The commitment's preimage — your secret, nullifier secret, and blinding factor — is never stored on-chain. Only you hold these values. The commitment hash is a one-way fingerprint; no amount of computation can reverse it.

This is not encryption. There is no ciphertext to decrypt. The commitment contains no recoverable data. The privacy comes from the mathematical impossibility of deriving the preimage from the hash.

This primitive is general-purpose. It can be applied to value transfer, credentials, access tokens, sealed disclosures, and more. Ghostcoin's "vanish" and "summon" operations are one application of this primitive — they use commit/reveal to build unlinkable value transfers with a burn-and-mint model. But the protocol itself is not limited to tokens.

The Core Guarantee

Ghost Protocol provides two guarantees:

1. The commitment preimage never exists on-chain.
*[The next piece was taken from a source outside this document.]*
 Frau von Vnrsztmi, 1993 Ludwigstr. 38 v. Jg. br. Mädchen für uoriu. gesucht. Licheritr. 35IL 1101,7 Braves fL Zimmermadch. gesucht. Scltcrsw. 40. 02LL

The secrets you used to create the commitment are never recorded. Only the hash is stored. No one can reverse the hash to learn your secrets.

2. Commit and reveal are unlinkable. The zero-knowledge proof demonstrates knowledge of a valid commitment without revealing which one. Observers can see that commitments are made and that reveals happen, but cannot connect a specific reveal to a specific commitment.

When you commit:

  • A commitment hash is recorded in a Merkle tree
  • The commitment's preimage (your secrets) is never stored on-chain

When you reveal:

  • A zero-knowledge proof verifies you know a valid commitment's secret
  • The nullifier is recorded to prevent the same commitment from being revealed twice

Important caveat for value transfer applications: When Ghost Protocol is used for token transfers (as in Ghostcoin), the smart contracts also record transaction metadata — who deposited, how much, who withdrew. The unlinkability guarantee means observers cannot connect a specific deposit to a specific withdrawal, but the individual transactions are visible. See What Exists and What Doesn't for a full accounting.

Why This Matters

The commit-reveal primitive enables several categories of applications:

Credentials that cannot be leaked. A credential issued as a commitment can be verified without revealing the credential itself. The verification proves you have it without exposing what "it" is.
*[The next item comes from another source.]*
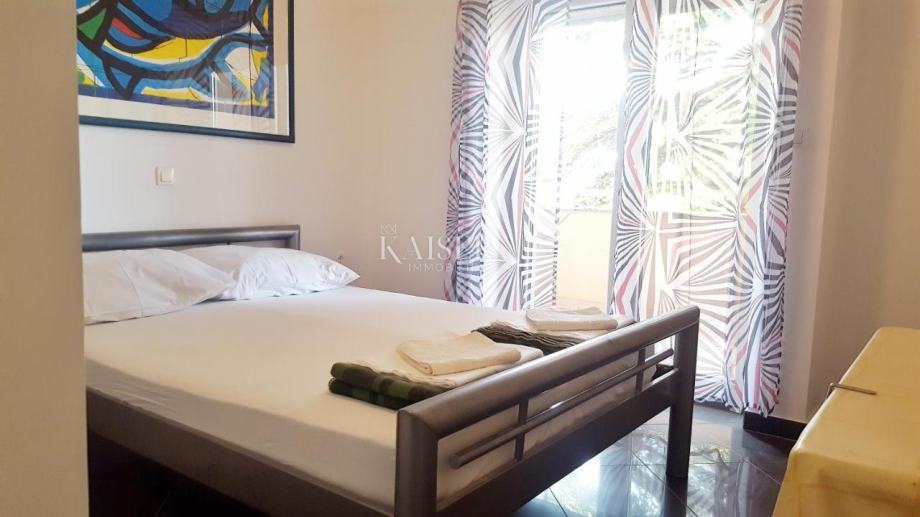 Kaiser Immobilien predstavlja čudovito samostojno hišo v Novem Vinodolskem, le 150 metrov od morja. Ta samostojna hiša obsega 658 m2 površine, od tega je 400 m2 vrta. Hiša je sestavljena iz pritličja, nadstropja in visoke mansarde. V pritličju je garsonjera z balkonom, ena soba s kopalnico, dvosobno stanovanje z balkonom. Skupna površina pritličja je 144m2. V prvem nadstropju se nahaja enosobno stanovanje in dva enosobna apartmaja. Mansarda je v Rochbau fazi, skupna uporabna površina pa je cca 100m2. V pritličje se vstopa stransko z dvorišča, nadstropje in mansarda pa sta ločena z notranjim stopniščem. Na vrtu sta še dve ločeni garsonjeri z izhodom na teraso ter velika konoba za druženje. Na vrtu je spredaj lepo urejen vrt, zadaj pa je parkirišče za več kot 7 avtomobilov, možna pa je tudi izgradnja bazena. Nepremičnina se uporablja za turizem. Lokacija: Morje - 150m Center - 50m Pošta - 50m Lekarna - 50m Pekarna - 50m Trgovina - 50m INA črpalka - 50m Turistična skupnost - 50m Otroško igrišče, šola in vrtec - 70m Za vsa dodatna vprašanja se obrnite na agenta Davorja Piškulića davor@kaiser-immobilien .hr +00 385 95 583 8240 WhatsApp, Viber

Access that cannot be revoked. A one-time access token cannot be rescinded after issuance. Once granted, the holder has irrevocable access until they choose to use it.

Disclosures that cannot be premature. Information can be committed now and revealed later, with cryptographic certainty that it cannot be revealed by anyone else in the interim.

Value transfers that cannot be traced. When applied to tokens (as in Ghostcoin), the commit-reveal primitive breaks the link between deposits and withdrawals. Combined with a burn-and-mint model, this creates unlinkable value transfers. (Note: the contract owner can pause the system — see Risks.)

What This Document Covers

This whitepaper explains Ghost Protocol as a system, not as a product. It covers:

  1. The Core Model - The commit-once, reveal-once paradigm and what the commitment preimage's absence from the chain means
  2. The Lifecycle of Data - What happens at each stage and where data actually lives
  3. What Ghost Protocol Enables - Categories of applications, not specific products
  4. Ghostcoin - Why a token exists and what it proves about the protocol
  5. Why This Is Different - Honest comparison to other privacy approaches
  6. Risks and Tradeoffs - What can go wrong and what is intentionally unsupported
  7. For Investors - Why this is infrastructure, not just another application
  8. Where This Runs - The execution environment and current status
  9. What Exists Today - Concrete facts, not promises

If you are looking for code, APIs, or integration guides, see the Developer Documentation.


Ghost Protocol is a commit-reveal primitive. The commitment preimage never exists on-chain. The link between commit and reveal is cryptographically broken. Everything else — tokens, value transfer, Ghostcoin — is an application built on top of this foundation.